Yahoo! is easier to scrape than Google, but still not very easy. And, because it’s used less often than Google and other engines, applications don’t always have the best system for scraping it.
You can try, but be sure to do so cautiously if you’re worried about your proxies. Set threads to low and timeouts high, and build up from there.
See if your application can handle it, and what kind of results you get. Yahoo! has a lower threshold than Google, but not necessarily one that allows you easy access.
Of the big three search engines in the U.S., Bing is the easiest to scrape. For whatever reason they don’t seem to care as much. For example, in one recent scrape I harvested 7 million URLs from Bing in a couple hours. Yes, that’s a lot.
For comparison, the same scrape on Google only let me get a few thousand URLs.
If you want to scrape happily and forever, use Bing.
It’s not entirely clear why this is the case, and we’ll never know. One idea is that Bing doesn’t want to block any visitors because it reduces overall page views, which means less impressions on ads overall. Scrape impressions on ads typically don’t add up to much, but the search engine might be opening the flood gates to compete.
Scraping Dogpile, DuckDuckGo, Ask.com
These are roughly the same as Yahoo! Not as difficult as Google, not nearly as easy as Bing.
Many search engines dislike scrapers by nature, and put robust measure in place to keep the number of scrapes low. The threshold rate for these lesser known, but pretty powerful engines, will kick you off soon enough. I don’t scrape them as often as Google, Yahoo!, or Bing, but when I do I typically grab tens of thousands of results before getting the boot.
Use Rotating Proxies
To be clear, the above scenarios and numbers are true when I use premium rotating proxies. When you scrape search engines, and you’re serious about it, I only recommend rotating proxies. They are much less of a hassle, and throw up flags way less than free, datacenter or shared proxies.
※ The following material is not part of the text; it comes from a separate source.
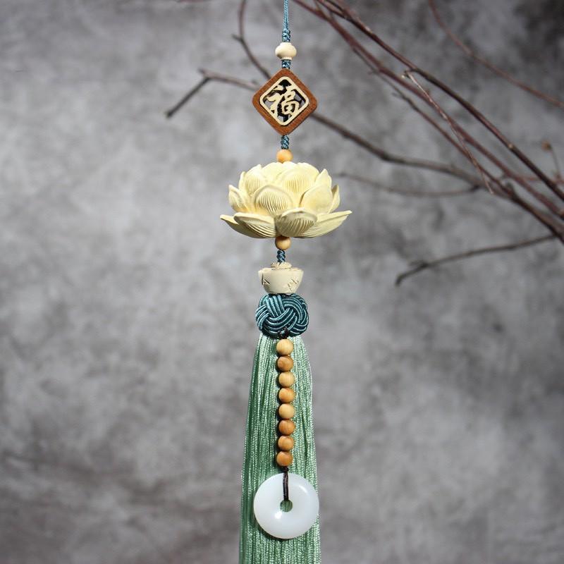 Khánh Liên Hoa Trang Trí Xe Hơi, Dây Treo Sen Gỗ Hoàng Dương Trang Trí Ô Tô Kèm Hộp Đựng Cao Cấp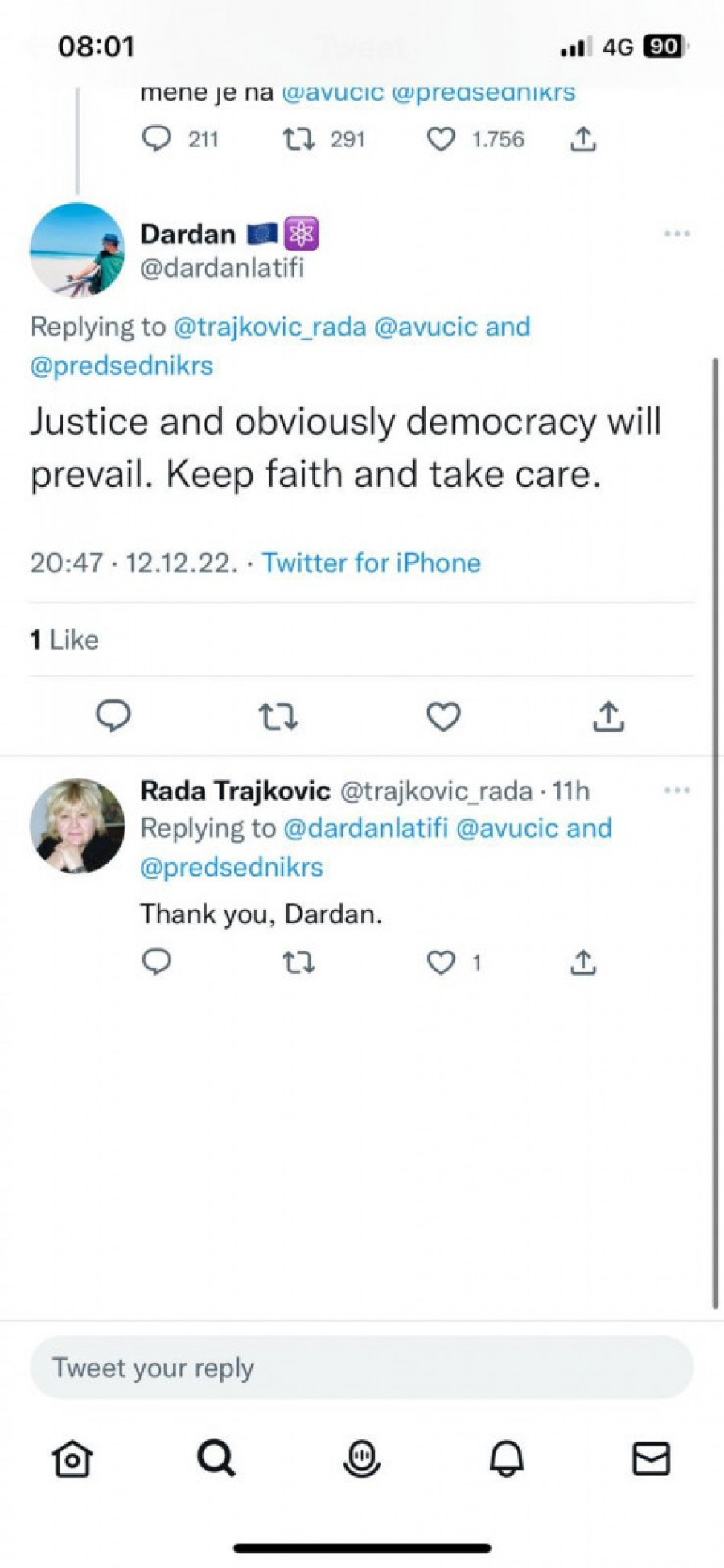 Da je Rada Trajkovic sve popularnija među Kurtijevcima koji na sve moguće načine gledaju kako da blate našu državu, pokazuju i tvitovi koje je razmenjivala sa Dardanom iz Belgije, koji u svakom tvitu pljuje našu drzavu.

Which search engine is the easiest to scrape? Bing. By far. Trial and error over the years has made this a consistent fact for me.
I do encourage you to try all of them, though, and see what results you get. Make sure to control your threads and timeouts, and don’t scrape overly hard or in super robotic fashion.
I also recommend tailoring scraping settings (like retry rates) when you start to see captchas to maximize your yield of data. It’s important to avoid blacklisting proxies as much as possible. It ensures optimal performance for scraping, plus an optimal experience for you and for your provider.
Good luck, and stay sharp.